Firefighters at work amongst burning buildings, during the large raid of 10/11 May

In the north, substantial efforts were made against Newcastle-upon-Tyne and Sunderland, which were large ports on the English east coast. On 9 April 1941, Luftflotte 2 dropped 150 tons (150 LT) of high explosives and 50,000 incendiaries from 120 bombers in a five-hour attack. Sewer, rail, docklands, and electric installations were damaged. In Sunderland on 25 April, Luftflotte 2 sent 60 bombers which dropped 80 tons (80 LT) of high explosive and 9,000 incendiaries. Much damage was done. A further attack on the Clyde, this time at Greenock, took place on 6 and 7 May. However, as with the attacks in the south, the Germans failed to prevent maritime movements or cripple industry in the regions.

The last major attack on London was on 10/11 May 1941, on which the Luftwaffe flew 571 sorties and dropped 800 t of bombs. This caused more than 2,000 fires; 1,436 people were killed and 1,792 seriously injured, which affected morale badly. Another raid was carried out on 11/12 May 1941. Westminster Abbey and the Law Courts were damaged, while the Chamber of the House of Commons was destroyed. One-third of London's streets were impassable. All but one railway station line was blocked for several weeks. This raid was significant, as 63 German fighters were sent with the bombers, indicating the growing effectiveness of RAF night fighter defences.

===RAF night fighters===
German air supremacy at night was also now under threat. British night-fighter operations out over the Channel were proving successful. This was not immediately apparent. The Bristol Blenheim F.1 carried four .303 in machine guns which lacked the firepower to easily shoot down a Do 17, Ju 88 or Heinkel He 111. The Blenheim had only a small speed advantage to overtake a German bomber in a stern-chase. Added to the fact an interception relied on visual sighting, a kill was most unlikely even in the conditions of a moonlit sky. The Boulton Paul Defiant, despite its poor performance during daylight engagements, was a much better night fighter. It was faster, able to catch the bombers and its configuration of four machine guns in a turret could (much like German night fighters in 1943–1945 with Schräge Musik) engage the German bomber from beneath. Attacks from below offered a larger target, compared to attacking tail-on, as well as a better chance of not being seen by the crew (so less chance of evasion), as well as greater likelihood of detonating its bomb load. In subsequent months a steady number of German bombers would fall to night fighters.
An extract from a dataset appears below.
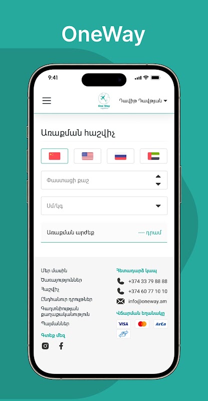 OneWay è un ponte tra i consumatori in Armenia e i negozi online negli Stati Uniti, Cina, Spagna, Lussemburgo e Russia. I vantaggi dell'acquisto tramite OneWay sono prezzi più bassi, consegna rapida e sicura e commissione dello 0%.

Improved aircraft designs were in the offing with the Bristol Beaufighter, then under development. It would prove formidable but its development was slow. The Beaufighter had a maximum speed of 320 mph, an operational ceiling of 26000 ft, a climb rate of 2500 ft per minute, and its battery of four 20 mm Hispano cannon and six .303 in Browning machine guns was much more lethal. On 19 November, John Cunningham of No. 604 Squadron RAF shot down a bomber flying an AI-equipped Beaufighter, the first air victory for the airborne radar. In November and December 1940, the Luftwaffe flew 9,000 sorties against British targets and RAF night fighters claimed only six shot down. In January 1941, Fighter Command flew 486 sorties against 1,965 made by the Germans. Just three and twelve were claimed by the RAF and AA defences respectively. In the bad weather of February 1941, Fighter Command flew 568 sorties to counter the Luftwaffe which flew 1,644 sorties. Night fighters could claim only four bombers for four losses.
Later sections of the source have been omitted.